• What you should do:
Pictures in the listing below are skipped, while the lines from the "Beech Marten (Martes" line through the "Picture of horizontal" line are returned word for word.

• Provided data:
════════

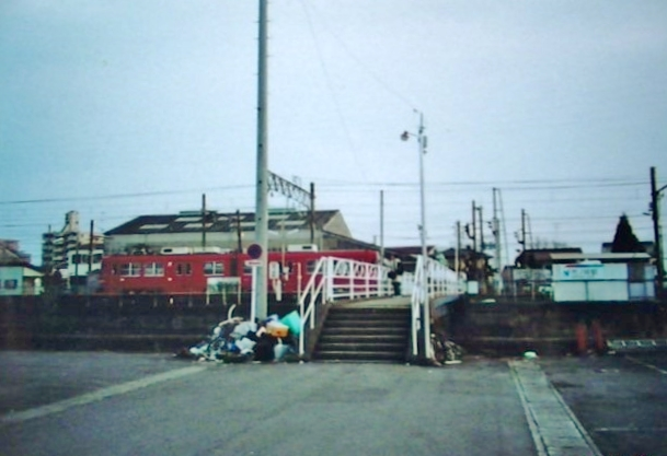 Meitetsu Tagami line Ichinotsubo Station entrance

════════

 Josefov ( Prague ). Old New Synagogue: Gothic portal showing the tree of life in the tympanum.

════════

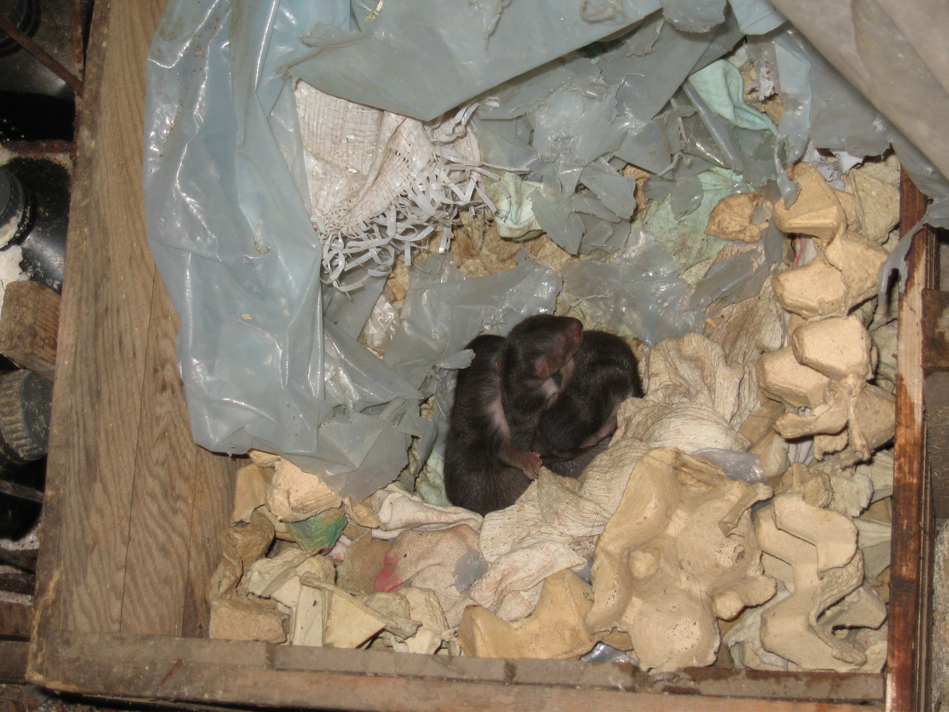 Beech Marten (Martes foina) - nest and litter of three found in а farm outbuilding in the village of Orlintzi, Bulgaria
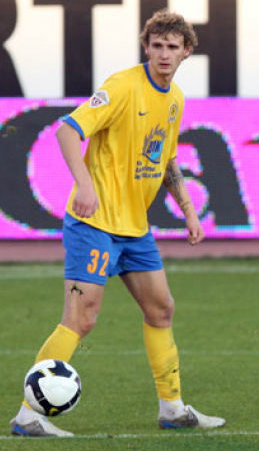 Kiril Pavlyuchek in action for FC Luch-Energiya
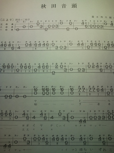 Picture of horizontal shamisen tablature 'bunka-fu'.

════════

• Written solution:
 Beech Marten (Martes foina) - nest and litter of three found in а farm outbuilding in the village of Orlintzi, Bulgaria
 Kiril Pavlyuchek in action for FC Luch-Energiya
 Picture of horizontal shamisen tablature 'bunka-fu'.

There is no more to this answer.